La confrontation vient du rapporteur Armand sur la perte de compétences et le partage des responsabilités. Armand lui oppose une tribune de 2012 (Annales des Mines) où Machenaud « vantait une filière en ordre de bataille ». Machenaud concède : « j'ai réalisé que nous étions tombés encore plus bas que je ne le pensais » avec « des problèmes de fabrication absolument inimaginables ». Pressé de dire si EDF est responsable, il esquive d'abord en plaçant la faute sur l'arrêt des constructions (Civaux, 1998) et l'« atmosphère » politique, refuse la reformulation d'Armand (« Non, tel n'est pas mon propos »), invoque la loyauté « sans faille » d'EDF, avant la concession finale : « l'entreprise porte peut-être la responsabilité de ne pas être entrée en résistance ». Il délimite aussi sa responsabilité personnelle (« j'étais en Chine », « le grand carénage avait été décidé »).

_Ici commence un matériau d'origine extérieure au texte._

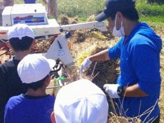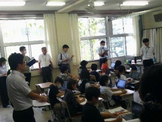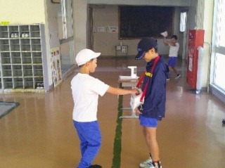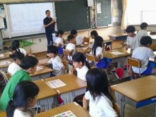 | -HOME <5年生 脱穀>(10月10日) 10月10日(金)、5年生が丹精込めて育ててきた稲の脱穀を行いました。青空の下、天日干しでしっかり と乾燥した稲穂は、脱穀機(ハーベスター)にかけると、心地よい音と共に次々とお米となって分離されていき ました。 子どもたちは協力し合い、順番に稲束を脱穀機まで運び入れる作業に熱心に取り組みました。自分たちで育て た稲が、立派なお米として収穫できた喜びを皆で分かち合いました。 今後は、収穫したお米の販売活動やお世話になった方々への感謝の会を企画する予定です。この貴重な体験を 通して、子どもたちは食の恵みと、協力して何かを成し遂げる大切さを学んでいます。 ![]() ![]() <4年生 体育「あつまりっこベースボール」>(10月9日) 10月9日(木)、5年生が野球型の体育で「あつまりっこベースボール」に取り組みました。このゲームは、 バッターがボールを「投げる」方式で、守備のあいている場所をめがけて投げるのがポイントです。一方、守備 のルールにも工夫があり、ボールを捕ったら、すぐに協力して近くのベースに「集まる」ことで、ランナーの進 塁を止めようとします。ランナーは進んだベースの数だけ得点になるため、攻守ともにスピードと判断力が求め られます。 子どもたちは、バッターの動きに合わせて守備位置を素早く変えたり、「ここに集まろう!」と声をかけ合っ て集合場所を決めたり、瞬時の判断で協力し合って活動していました。一人一人が活躍できる場があり、みんな で協力する重要性を実感しながら、生き生きと学習に取り組んでいました。チームワークと戦略が光る、熱のこ もった体育となりました。 ![]() <5年生 稲刈り>(10月3日) 10月3日(金)に、5年生が心を込めて育ててきた稲の稲刈りを行いました。田植えの日から今日まで、子 どもたちは定期的に稲の生長を観察し、愛情を注いできました。鎌を使って丁寧に刈り取り、その後は、一粒も 無駄にしないようにと、熱心に落穂ひろいも行いました。 今回の稲刈りでは、日頃からご協力いただいている北川様、そして多くの保護者の方々に多大なるご支援をい ただき、無事に作業を終えることができました。心より感謝申し上げます。 刈り取った稲は現在天日干しをしています。1週間後には、いよいよ脱穀の作業を行う予定です。この米作り 体験を通して、子どもたちは命の恵みや、支えてくださる方々への「感謝の心」の大切さを学んでいます。 ![]() <クラブ活動最終日>(10月1日) 10月1日(水)令和7年度のクラブ活動が最終日を迎えました。この一年間、講師の先生方には、深い専門 知識と温かいお心で、子どもたち一人ひとりに優しく丁寧にご指導くださり、本当にありがとうございました。 心より感謝申し上げます。 最終日も、子どもたちは目を輝かせ、一層熱中して活動に取り組みました。活動を終えた子どもたちからは、 「とても楽しかった!」「今までできなかったことができるようになってよかった」といった、充実感と達成感 に満ちた声がたくさん聞かれました。好きなことに没頭できるクラブの時間は、子どもたちにとって何物にも代 えがたい貴重な経験となり、その可能性を大きく広げることができました。この充実した時間は、ひとえに講師 の先生方のご尽力のおかげです。本当にありがとうございました。 ![]() ![]() ![]() ![]() <災害直後の「生きた記事」で学ぶ>(9月29日) 本校では、NIE(教育に新聞を)の研究活動の一環として、4年生が、災害直後の新聞記事を教材として活用 する授業を行いました。 この記事を選んだのは、まさに現場の緊迫感や人々の思いが詰まった「生きた情報」が、子どもたちの学習に 大きな価値をもたらすと確信したからです。記事には、「いつ」「誰が」「何をしたか」という事実だけでなく、 記者の強い思いや被災された方々の切実な声、そして当時の臨場感あふれる情報が凝縮されています。 子どもたちは、これらの記事を読み解く活動を通して、単なる知識としてではなく、「命を守るための公の行 動」を自分事として深く捉えることができました。この貴重な機会は、子どもたちが主体的な学びへとつながる だけでなく、防災意識と社会性を育む上でも大きな一歩になったと感じています。 ![]() <3年生 親子レクでバランスボールに挑戦!>(9月29日) 3年生の親子レクで、バランスボールを使った運動を実施しました。講師の先生にご指導いただき、まずは正 しい姿勢でバランスボールに座ることからスタート。正しい姿勢で座ると、お腹や背中の筋肉が自然と使われ、 その場ですでに体が引き締まる感覚を覚えました。その後、バランスボールを使った様々な運動に親子で挑戦し、 楽しく体を動かして気持ちのいい汗を流しました。笑い声が絶えない賑やかなひとときとなり、親子で健康増進 に努める良い機会となりました。ご指導くださった講師の先生、本当にありがとうございました! ![]() <児童会 ユニセフ募金活動>(9月25日) 児童会が

Apport au dossier de la commission
L'audition apporte un éclairage industriel de l'intérieur sur la genèse franco-allemande de l'EPR et le rôle d'Areva/Framatome dans l'effondrement de la filière, désignant des responsabilités politiques (injonction franco-allemande, fermetures, dérégulation) plus qu'organisationnelles. Elle nourrit le diagnostic « politique vs industrie » de la commission tout en assumant des positions très clivantes (renouvelables « absurdes », dette garantie par l'Allemagne) et un alignement pronucléaire (scénario à 80 %, critique des hypothèses TWh de RTE). Le président conclut qu'elle « apporte un nouvel éclairage ».